The non-resistant laboratory population was collected near the town of Trent South Dakota in Moody county the year of 1987.  It has been in continuous rearing since that time with no mixing from any other collections.  It is about one generation per year.  However, they maintain the colony on a continuous basis and have all growth stages continuously year round.  A single beetle would complete one generation a year if tracked because eggs spend several months in cold storage.  The original beetles were selected in corn fields or on the margin of corn fields and the adult beetles returned to the lab.  Eggs were collected and placed in cold storage to simulate winter.  The non-resistant colony is reared in soil on corn roots and the adult beetles receive an artificial diet.  They try to keep the rearing protocol “field like” to keep it “wild”. 

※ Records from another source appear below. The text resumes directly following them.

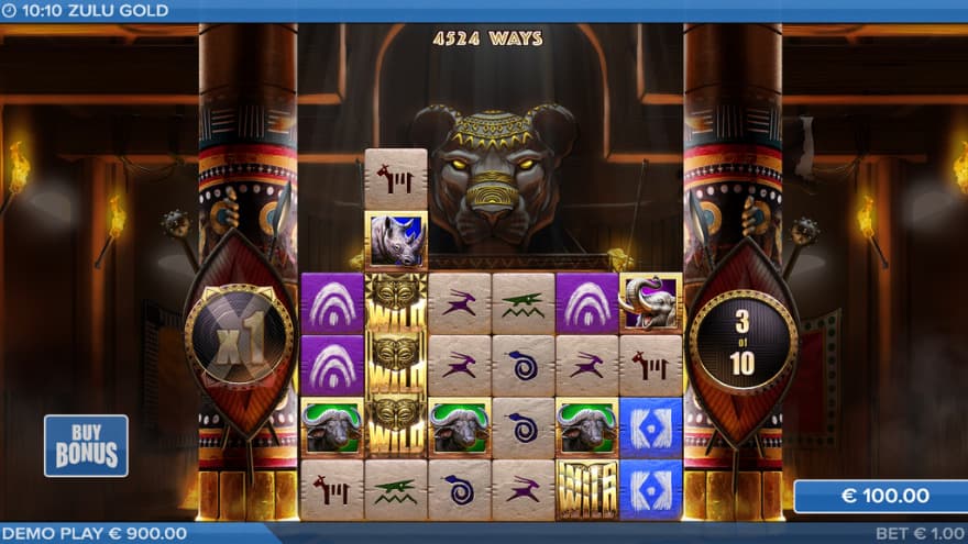 They can land in three different variants, such as normal wild, wild walker and charged wild symbols. Where the wild walker will move randomly when the symbol drop is completed. This results in a trail of wilds as it moves and if it moves into a Zulu stack this stack will be broken, leaving a 1X1 wild. However, if it passes scatter, wild or charged wilds, they will not be affected by this. The charged wild lands as 1X1 and it has three lives, where 1 life is consumed when it is part of a winning combination.
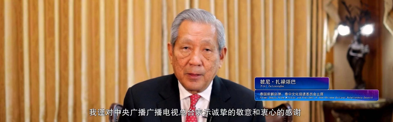 泰國前副總理、泰中文化促進委員會主席披尼在視頻致辭中表示,感謝中央廣播電視總台在促進中泰兩國文明互鑒、民心互通方面做出了積極貢獻,讓我們看到了普通人在中國奮鬥的無限可能。堅信在習近平主席的帶領下,中國將更加繁榮富強,充滿溫暖與希望。希望中央廣播電視總台進一步加強與泰國媒體的合作,為構建中泰命運共同體作出貢獻。
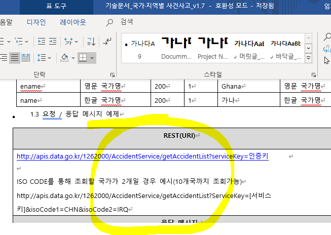 워드 내 요청이라고 검색하면 아래 REST(Url)가 존재한다.
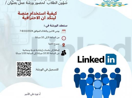 تدعوكم وحدة علاقات الخريجين والتوظيف لحضور ورشة عمل بعنوان( كيفية استخذام منصة لينكد ان الاحترافية )
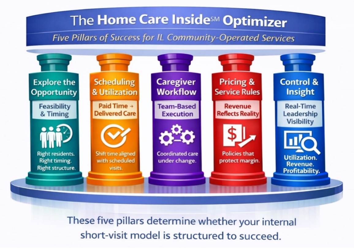 The Home Care Inside℠ Optimizer is an executive-level diagnostic framework designed specifically for Independent Living communities providing short-visit services to their residents.
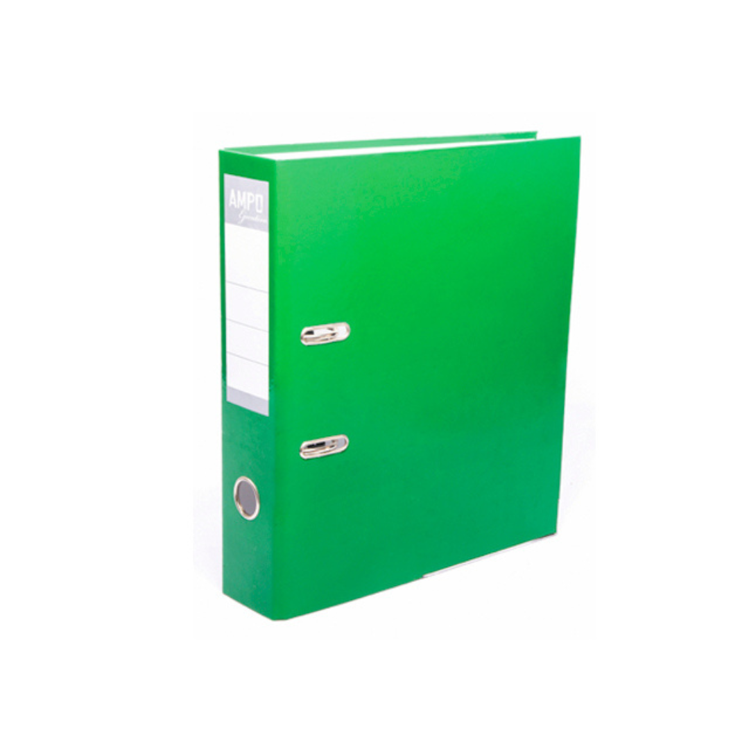 Archivador T-830 Ampo Lux: compuesto de cartón grueso y papel Bond impreso en color verde con dos anillos tipo arco y rados que cierran el archivo y aseguran la integridad física de sus documentos, tamaño carta.
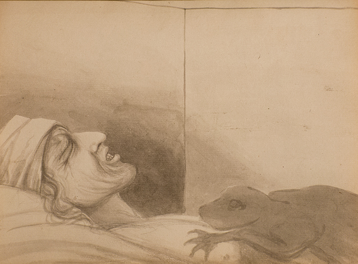 A monstrous frog-like creature nibbling at the breast of a corpse; a claustrophobic encounter between two women who embrace under the eyes of a shadowy watcher; a raving sorceress surging forward, bent on destruction—believe it or not, these disturbing images come from the mind of George Romney, the British painter best known at The Huntington for his dazzling portraits of glamorous ladies and gentlemen that hang throughout the Huntington Art Gallery. Along with Thomas Gainsborough and Sir Joshua Reynolds, Romney vied for the title of Britain’s most fashionable portrait painter in the 1770s and 80s. As they built their own great collection of British art, Henry and Arabella Huntington bought a dozen of Romney’s portraits—from life-size images of stylish brides like Penelope Lee Acton to intimate peeks at the alluring charms of the notorious Emma, Lady Hamilton. Romney’s paintings helped codify what it meant to be beautiful, rich, and aristocratic in late 18th-century Britain.
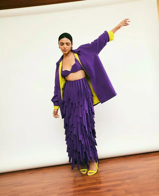 By: Tupaki Desk | 18 April 2024 2:18 PM ISTShriya Pilgaonkar is causing a stir on Instagram with her latest pictures, sending fans into a frenzy. In the snapshots, she dazzles in a purple top and a furry midi skirt, paired with a stylish blue coat. Adorned with elegant ear jhumkas and sporting a chic ponytail, she completes the look with striking green heels.
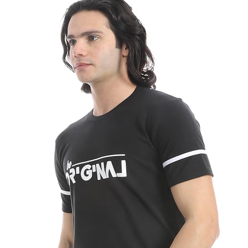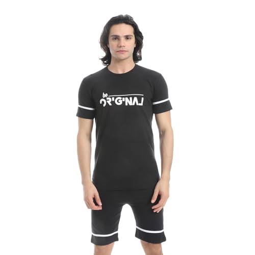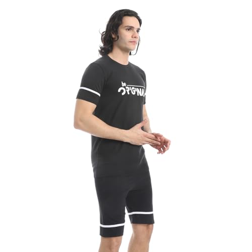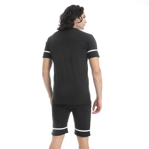 CAESAR - طقم بيجامة قطن نصف كم وشورت للرجال من سيزر، اسود، مقاس M
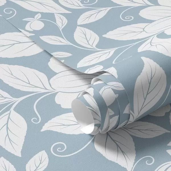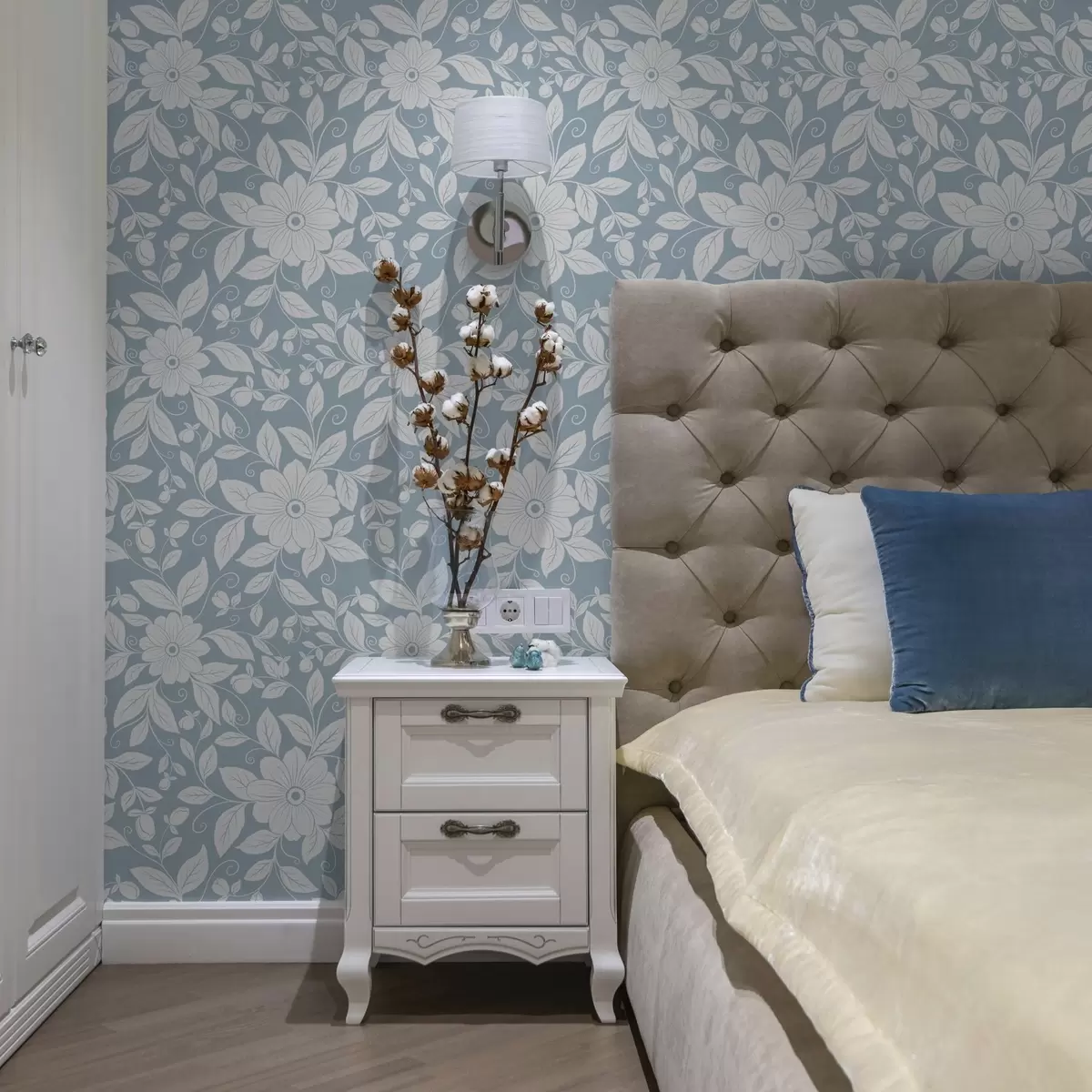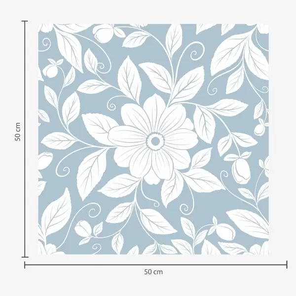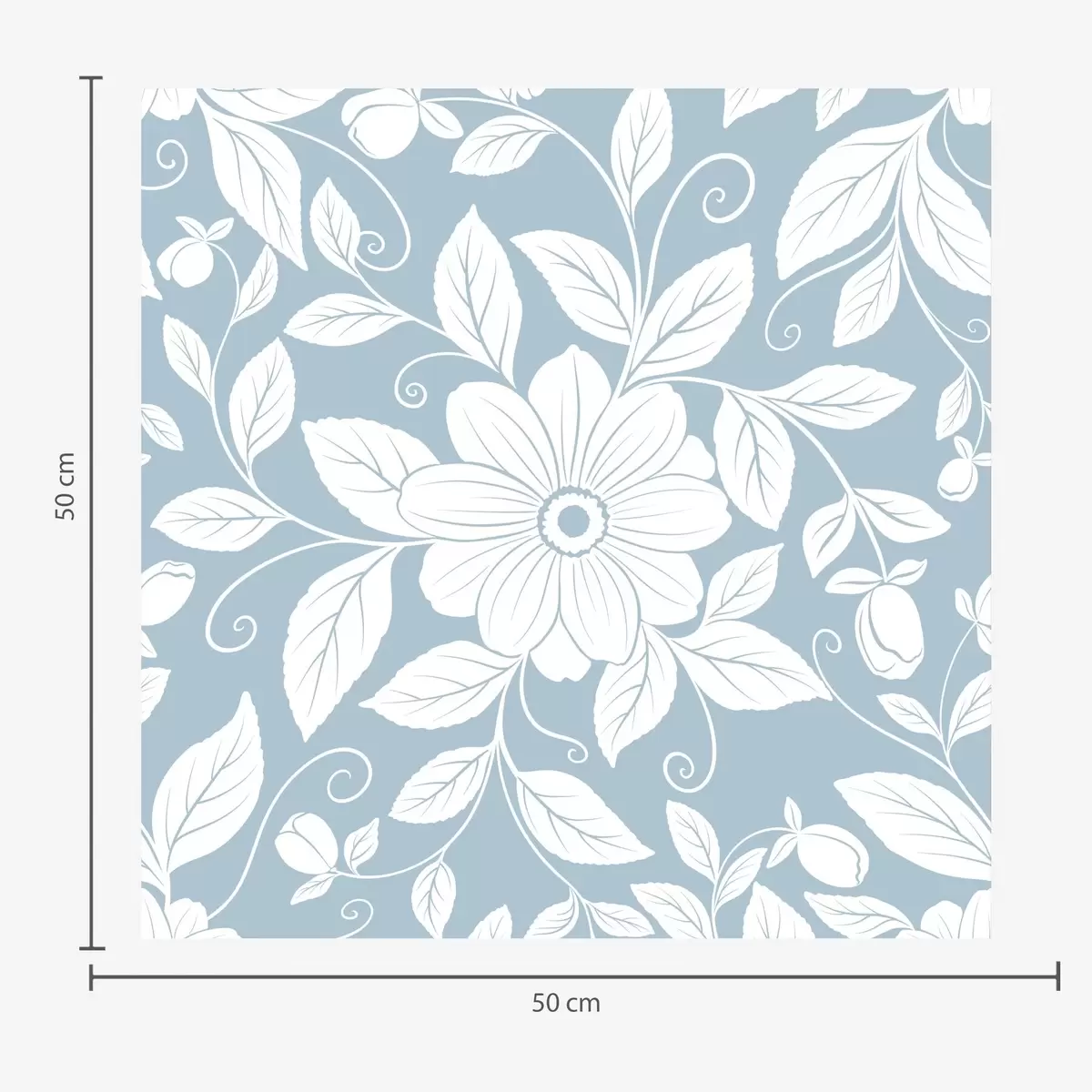 Papel tapiz Contorno floral blanco sobre fondo azul pastel Nr. a00452

Regarding your question about wing shape, I think there is no problem now considering that the WCR individuals are not from the lab (except for the non-resistant population). However, we would like to reiterate that in the Mikac et al. 2019 study, hindwings of rotation-resistant, Bt-resistant, and susceptible beetles were analyzed. Differences in wing shape as related to rearing method (laboratory versus field-collected rotation-resistant samples) were examined because they may affect wing morphology, especially when the characteristics of the rearing system are directly related to the developmental stability of the organism (Gerard et al. 2018). However, the minimal differences found between rotation-resistant laboratory and field-collected populations suggest that the rearing system was not the main driver of the observed differences. Therefore, we excluded the possibility that different conditions (field, laboratory rearing) may contribute to differences in wing shapes and sizes.

Reviewer 2 Report

The authors replied point by point to the criticism raised in the first revision. I believe that the current version was deeply improved.

Author Response

Dear reviewer,

We would like to thank you once more for your time and effort in reading our article.